• WHAT THIS TASK INVOLVES
Can you write out every line from the start of the records below through the line containing "The 1st appellant maintained", leaving out any pictures?

<<<<

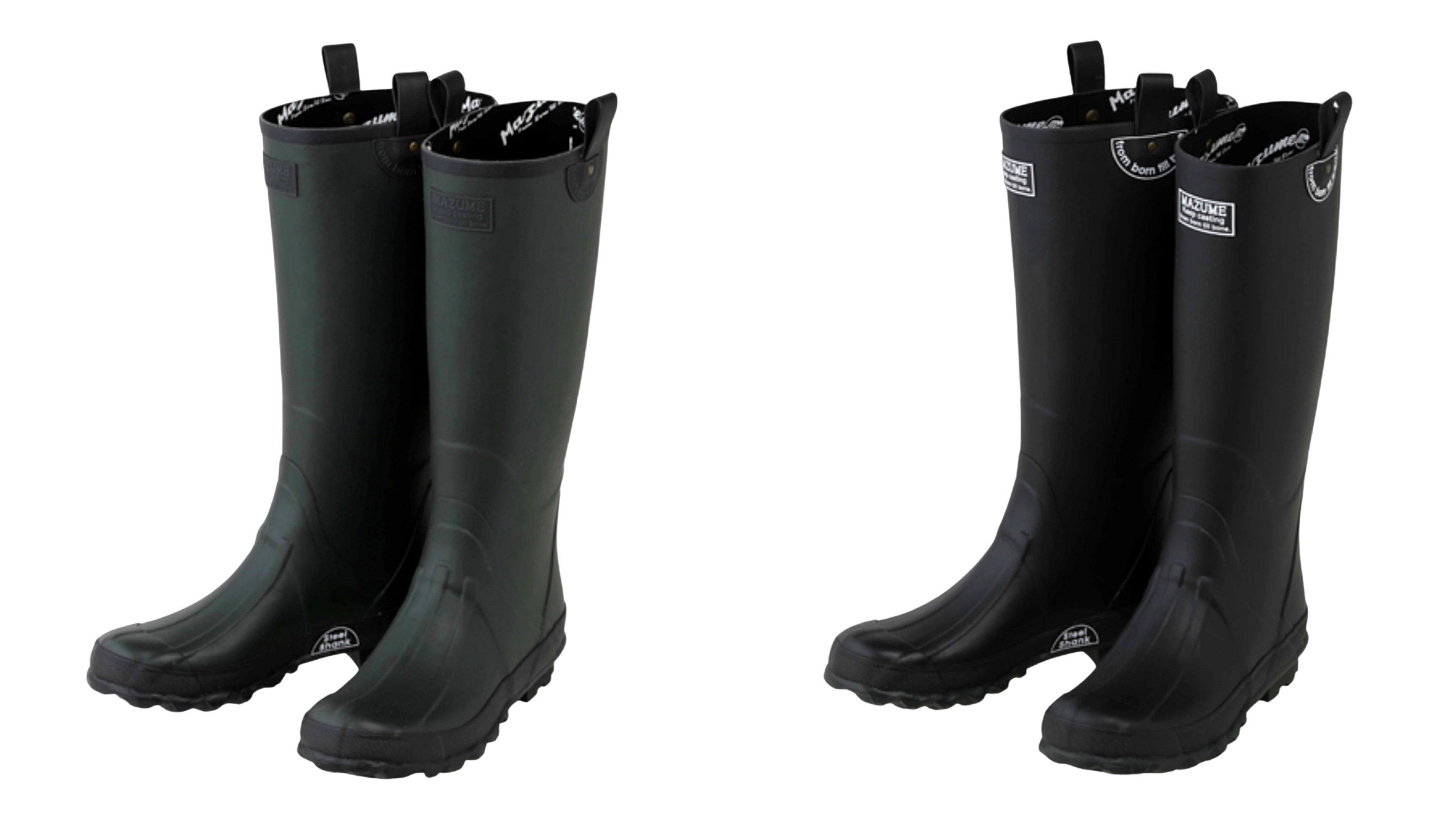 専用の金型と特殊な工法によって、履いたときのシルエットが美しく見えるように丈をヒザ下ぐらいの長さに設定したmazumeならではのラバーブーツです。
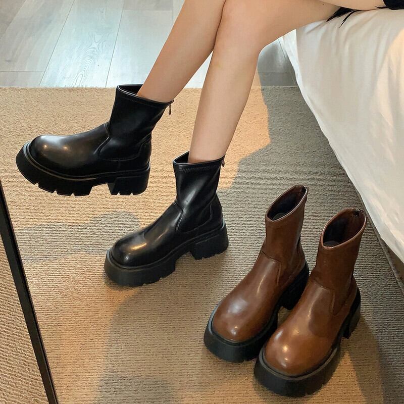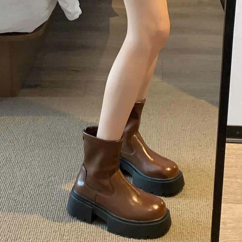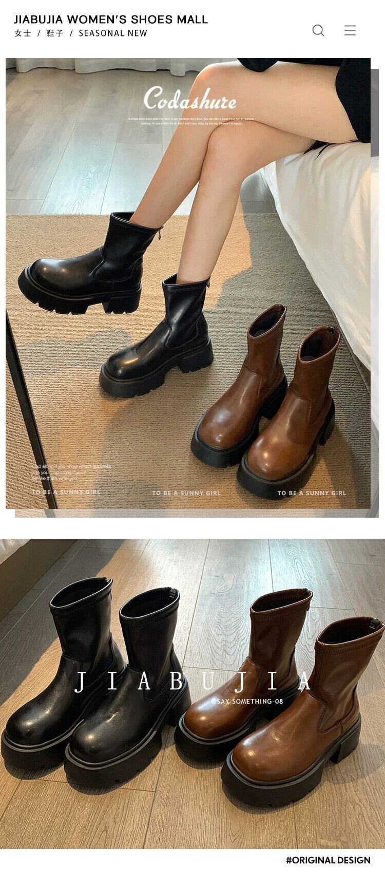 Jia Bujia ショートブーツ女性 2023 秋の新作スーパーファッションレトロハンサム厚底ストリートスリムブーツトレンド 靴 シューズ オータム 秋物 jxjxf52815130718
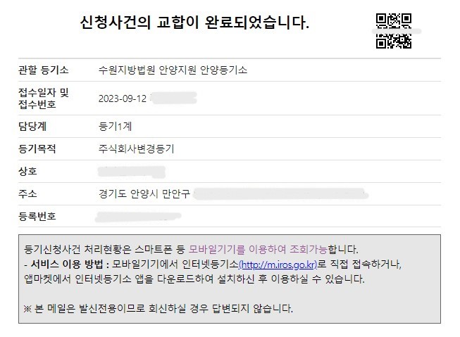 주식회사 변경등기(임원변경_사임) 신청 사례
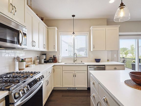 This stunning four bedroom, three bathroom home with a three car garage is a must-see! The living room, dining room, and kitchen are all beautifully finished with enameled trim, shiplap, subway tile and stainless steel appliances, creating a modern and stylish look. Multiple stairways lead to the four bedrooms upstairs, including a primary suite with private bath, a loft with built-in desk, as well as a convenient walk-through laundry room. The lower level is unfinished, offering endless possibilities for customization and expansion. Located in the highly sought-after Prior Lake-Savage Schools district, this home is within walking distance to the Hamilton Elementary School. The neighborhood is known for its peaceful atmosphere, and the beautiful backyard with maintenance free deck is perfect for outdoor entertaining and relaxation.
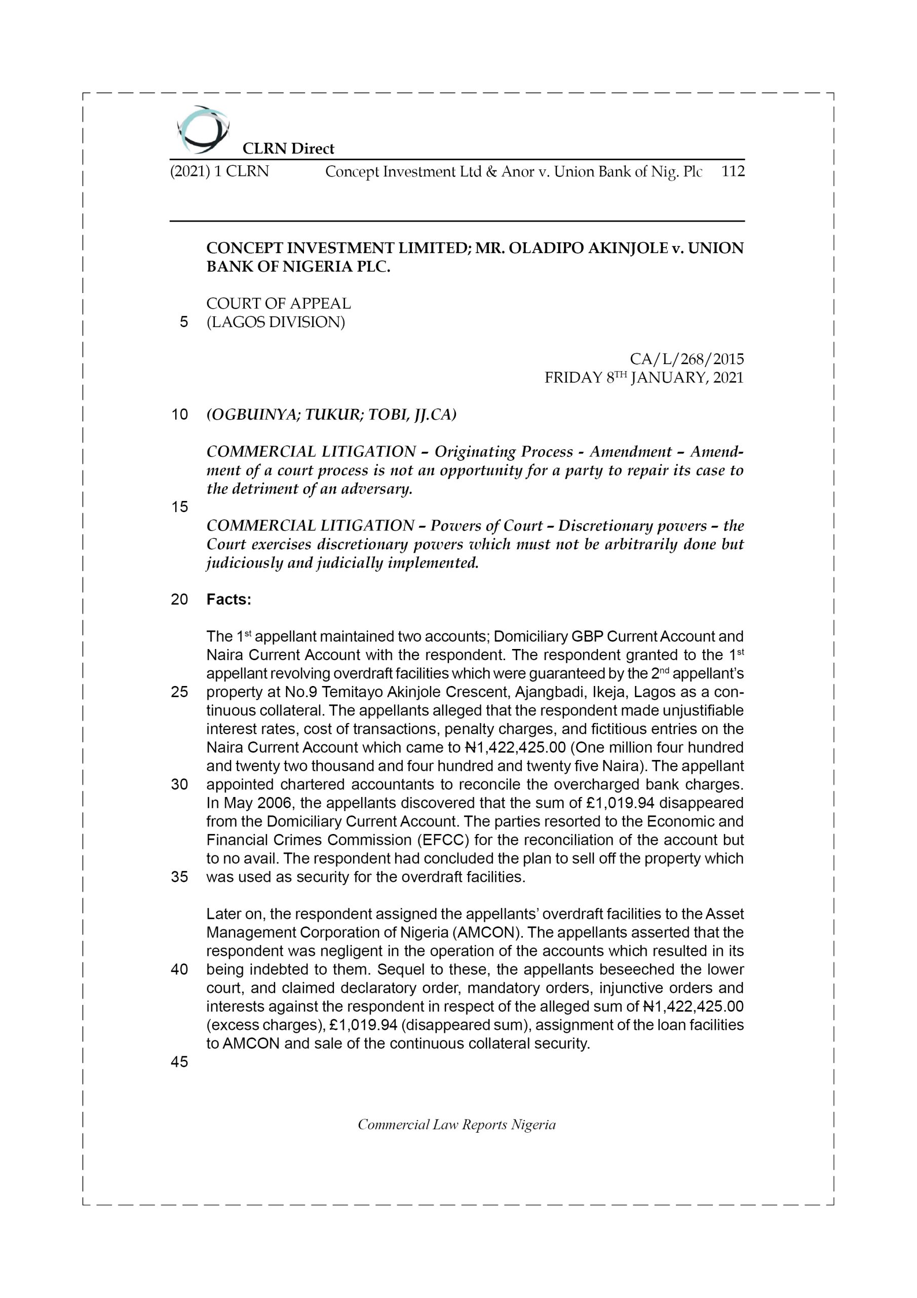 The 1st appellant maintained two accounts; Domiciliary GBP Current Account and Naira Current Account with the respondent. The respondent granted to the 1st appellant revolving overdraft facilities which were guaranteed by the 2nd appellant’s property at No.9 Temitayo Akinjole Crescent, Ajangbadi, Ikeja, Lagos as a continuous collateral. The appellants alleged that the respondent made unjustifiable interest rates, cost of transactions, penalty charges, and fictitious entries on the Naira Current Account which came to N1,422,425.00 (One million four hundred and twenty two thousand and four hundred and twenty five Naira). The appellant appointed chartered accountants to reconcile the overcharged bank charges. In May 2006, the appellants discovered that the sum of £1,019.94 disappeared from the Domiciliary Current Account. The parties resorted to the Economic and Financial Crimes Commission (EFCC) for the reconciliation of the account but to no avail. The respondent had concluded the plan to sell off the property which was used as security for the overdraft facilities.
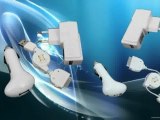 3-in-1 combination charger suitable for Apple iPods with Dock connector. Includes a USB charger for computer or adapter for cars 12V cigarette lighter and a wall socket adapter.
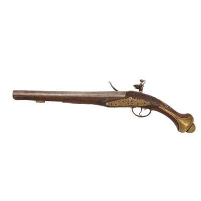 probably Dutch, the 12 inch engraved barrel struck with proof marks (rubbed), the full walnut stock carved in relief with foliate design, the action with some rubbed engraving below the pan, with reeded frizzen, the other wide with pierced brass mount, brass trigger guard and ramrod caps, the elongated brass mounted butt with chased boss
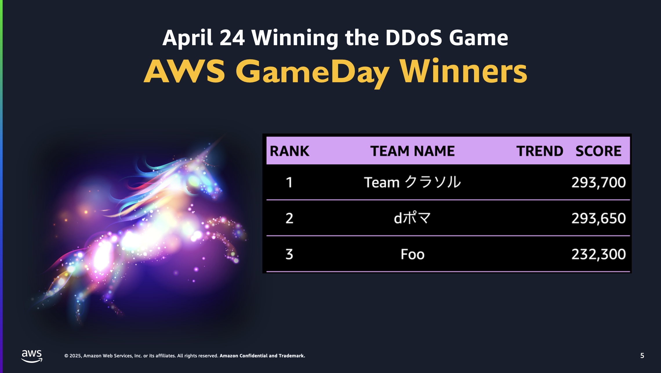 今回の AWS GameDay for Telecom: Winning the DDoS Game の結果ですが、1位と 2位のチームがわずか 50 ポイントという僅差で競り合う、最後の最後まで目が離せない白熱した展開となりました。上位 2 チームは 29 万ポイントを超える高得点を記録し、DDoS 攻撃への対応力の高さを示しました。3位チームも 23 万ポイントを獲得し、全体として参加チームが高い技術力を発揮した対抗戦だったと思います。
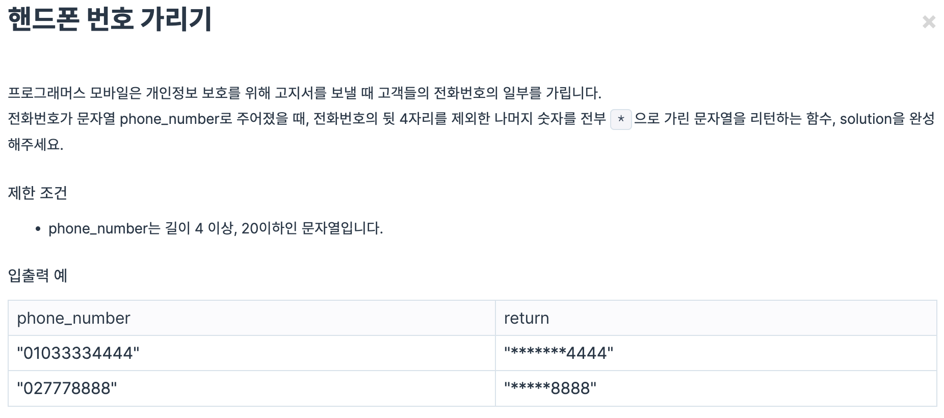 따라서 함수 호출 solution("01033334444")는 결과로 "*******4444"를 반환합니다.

>>>>

• EXERCISE ANSWER
 専用の金型と特殊な工法によって、履いたときのシルエットが美しく見えるように丈をヒザ下ぐらいの長さに設定したmazumeならではのラバーブーツです。
 Jia Bujia ショートブーツ女性 2023 秋の新作スーパーファッションレトロハンサム厚底ストリートスリムブーツトレンド 靴 シューズ オータム 秋物 jxjxf52815130718
 주식회사 변경등기(임원변경_사임) 신청 사례
 This stunning four bedroom, three bathroom home with a three car garage is a must-see! The living room, dining room, and kitchen are all beautifully finished with enameled trim, shiplap, subway tile and stainless steel appliances, creating a modern and stylish look. Multiple stairways lead to the four bedrooms upstairs, including a primary suite with private bath, a loft with built-in desk, as well as a convenient walk-through laundry room. The lower level is unfinished, offering endless possibilities for customization and expansion. Located in the highly sought-after Prior Lake-Savage Schools district, this home is within walking distance to the Hamilton Elementary School. The neighborhood is known for its peaceful atmosphere, and the beautiful backyard with maintenance free deck is perfect for outdoor entertaining and relaxation.
 The 1st appellant maintained two accounts; Domiciliary GBP Current Account and Naira Current Account with the respondent. The respondent granted to the 1st appellant revolving overdraft facilities which were guaranteed by the 2nd appellant’s property at No.9 Temitayo Akinjole Crescent, Ajangbadi, Ikeja, Lagos as a continuous collateral. The appellants alleged that the respondent made unjustifiable interest rates, cost of transactions, penalty charges, and fictitious entries on the Naira Current Account which came to N1,422,425.00 (One million four hundred and twenty two thousand and four hundred and twenty five Naira). The appellant appointed chartered accountants to reconcile the overcharged bank charges. In May 2006, the appellants discovered that the sum of £1,019.94 disappeared from the Domiciliary Current Account. The parties resorted to the Economic and Financial Crimes Commission (EFCC) for the reconciliation of the account but to no avail. The respondent had concluded the plan to sell off the property which was used as security for the overdraft facilities.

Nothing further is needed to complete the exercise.